Questions for the Doctor
- Which immune-deficiency category best fits my pattern, and which severe subtypes must be ruled out first?
- Which vaccines are safe, which live vaccines should wait, and do household vaccines need special planning?
- Do I need immunoglobulin replacement or preventive antimicrobials, and how will response be measured?
- Does this subtype have transplant, targeted treatment, gene therapy, or clinical trial options, and what is the family risk?
Basic Information
Medical Notes
More complete medical explanations are kept here for discussion with clinicians.
Symptoms
PID features depend on the immune pathway involved. Key clues are recurrent, severe, prolonged, or unusual infections such as pneumonia, sinusitis, otitis, deep skin infection, sepsis, fungal infection, or opportunistic infection. Children may also have poor growth, chronic diarrhea, persistent thrush, or delayed umbilical cord separation.
Some PIDs present mainly with immune dysregulation rather than infection alone, including autoimmune cytopenias, enteritis, eczema-like rash, granulomas, enlarged lymph nodes or spleen, allergy-like disease, and increased malignancy risk.
Diagnosis
Diagnosis starts with a detailed infection and family history, including frequency, severity, organisms, antibiotic response, vaccine reactions, growth, and autoimmune or inflammatory features.
Screening often includes CBC with differential, immunoglobulins, lymphocyte subsets, complement, vaccine antibody responses, and microbiology. Follow-up testing may assess phagocyte, T-cell, or NK-cell function, chest imaging, and genetic testing.
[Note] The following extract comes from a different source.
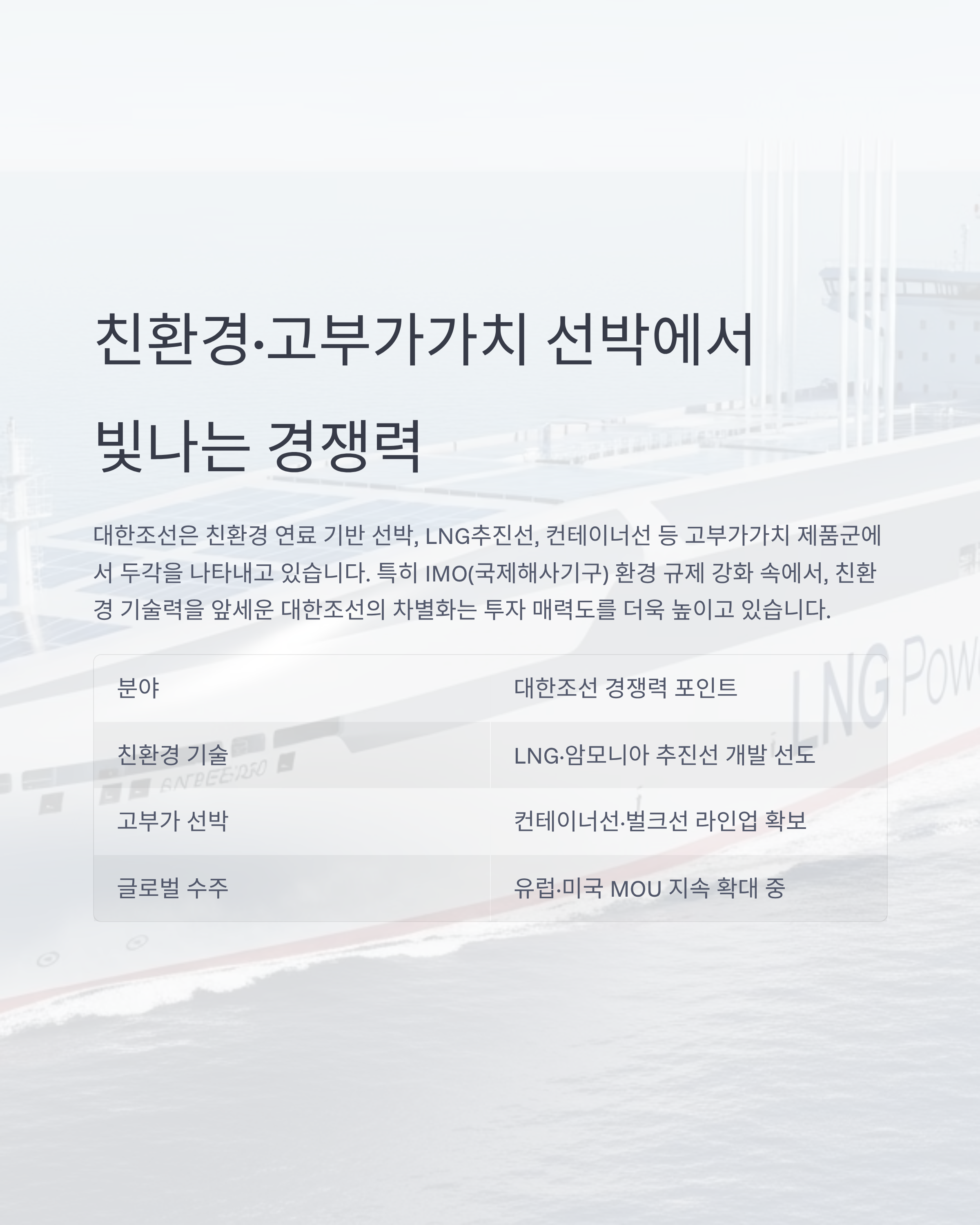 | 친환경 기술 | LNG·암모니아 추진선 개발 선도 |

Secondary immune deficiency from malnutrition, HIV, medicines, cancer therapy, or protein loss must also be considered.
Treatment
Care aims to prevent infections, protect organs, and manage immune dysregulation. Infections need prompt targeted treatment; some patients need preventive antibacterial, antifungal, or antiviral medicines. Antibody-deficiency disorders may need intravenous or subcutaneous immunoglobulin with monitoring of infection frequency and IgG trough levels.
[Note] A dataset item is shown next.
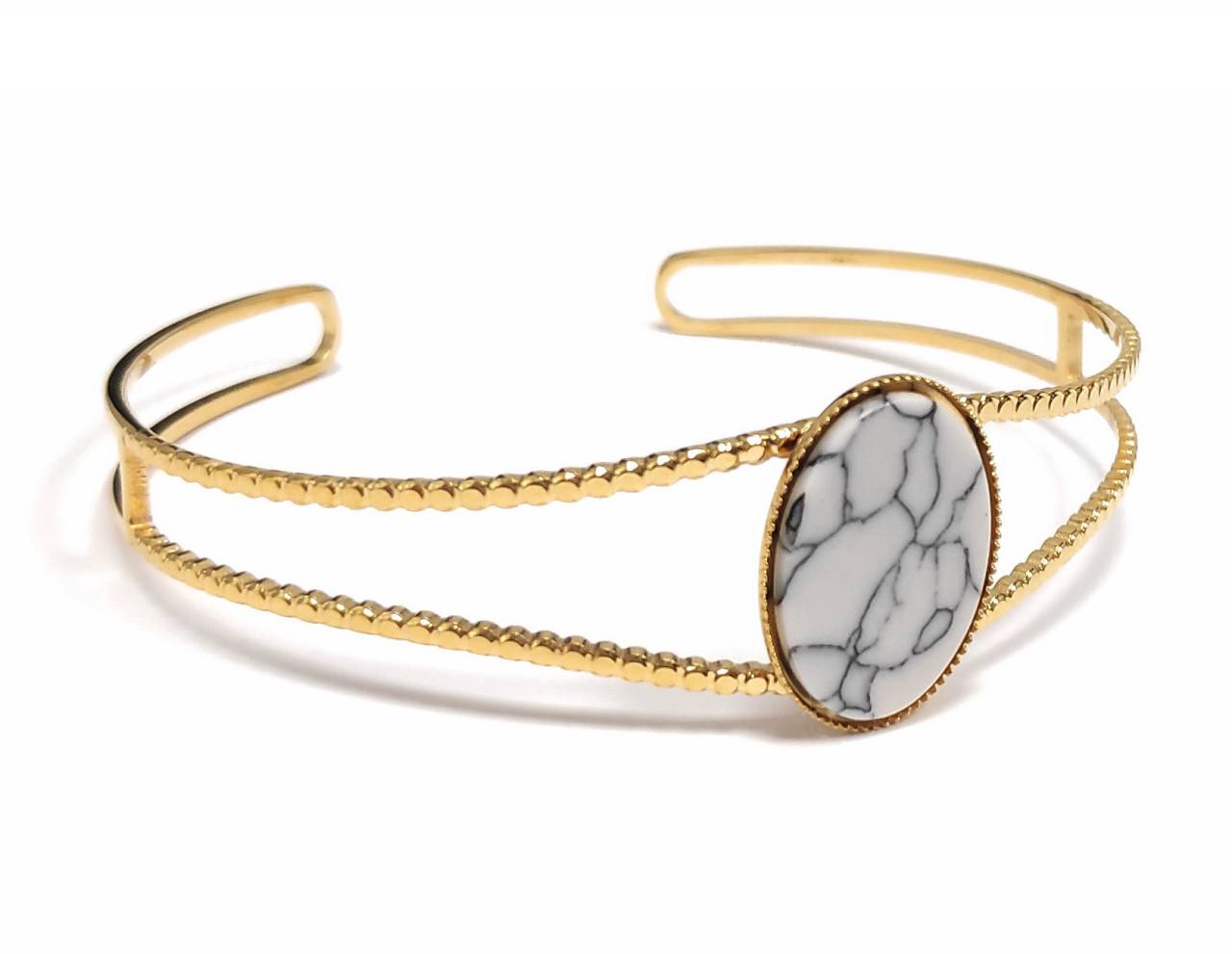 Βραχιόλι Πέτρα 316L, σταθερό με χαολίτη σε χρώμα Χρυσαφί

Severe combined immunodeficiency, some phagocyte defects, and other high-risk forms may be evaluated for hematopoietic stem cell transplant. Selected conditions have enzyme replacement, targeted medicines, or gene therapy. Vaccine plans must be individualized, and many severe cellular immune defects require avoidance of live vaccines.
Long-term Care
Long-term care often involves immunology, infectious disease, pulmonology, gastroenterology, hematology, rheumatology, and genetics. Follow-up tracks infections, lung injury or bronchiectasis, immunoglobulin dosing, medication adverse effects, autoimmunity, inflammation, and malignancy screening.
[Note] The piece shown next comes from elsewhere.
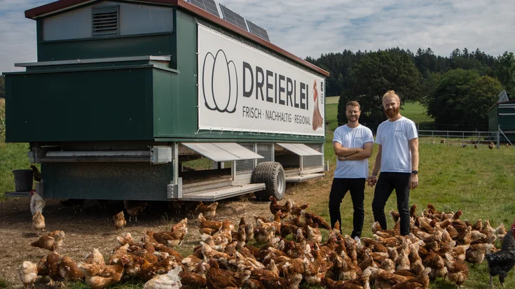 David: Genau. Im Frühjahr 2020 haben wir – gemeinsam mit unserem Bruder Simon – Dreierlei ins Leben gerufen: Wir haben Legehennen in Freilandhaltung, genauer gesagt in mobilen Hühnerställen. Wir legen also besonders viel Wert auf frische, nachhaltige und regionale Produktion – das Tierwohl steht bei uns an erster Stelle.

Families should keep an emergency note listing the diagnosis, vaccine cautions, usual medicines, allergies, and specialist contacts. School and childcare planning may include fever plans, exposure management, and vaccination timing.
Fertility and Family
Many PIDs have a defined inheritance pattern. Once the causal variant is known, parents, siblings, and future pregnancies can be discussed with genetics professionals, including carrier testing, prenatal diagnosis, or preimplantation genetic testing where appropriate and available.
When to Seek Urgent Care
Urgent care is needed for persistent high fever, poor responsiveness, breathing difficulty, cyanosis, severe dehydration, altered consciousness, seizures, rapidly spreading skin infection, severe abdominal pain, or suspected sepsis. Tell the emergency team about suspected or confirmed PID and recent medicines.
Prognosis
Outlook depends on subtype, time to diagnosis, infection and organ damage, and access to treatment. Early diagnosis and prevention can greatly reduce long-term harm.